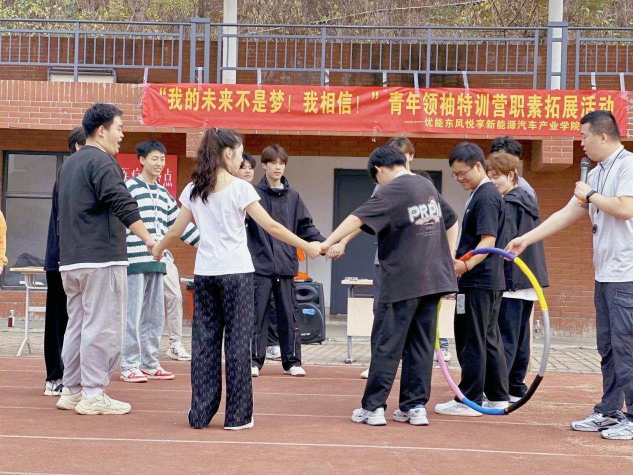 为了培养学生们的职业素养和团队协作能力,增强团学认同感和归属感,提升新老学生会成员的凝聚力,特此米兰体育网页版优能东风悦享新能源汽车产业学院于2023年10月28日在校足球场举办了“我的未来不是梦!我相信!”青年领袖特训营职素拓展活动。
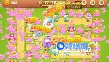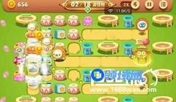 2.首先小编在我们现在侧边放2个满级的章鱼炮塔,快速消掉中的障碍放置蘑菇炮塔减速。
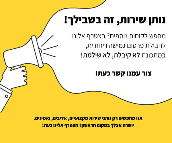 - עובדים בשיטת לא קיבלת לא שילמת (משלמים רק על לקוחות שמקבלים).

* Problem details *
With the images excluded, reproduce the data above precisely as written.

* Response *
 为了培养学生们的职业素养和团队协作能力,增强团学认同感和归属感,提升新老学生会成员的凝聚力,特此米兰体育网页版优能东风悦享新能源汽车产业学院于2023年10月28日在校足球场举办了“我的未来不是梦!我相信!”青年领袖特训营职素拓展活动。
 2.首先小编在我们现在侧边放2个满级的章鱼炮塔,快速消掉中的障碍放置蘑菇炮塔减速。
 - עובדים בשיטת לא קיבלת לא שילמת (משלמים רק על לקוחות שמקבלים).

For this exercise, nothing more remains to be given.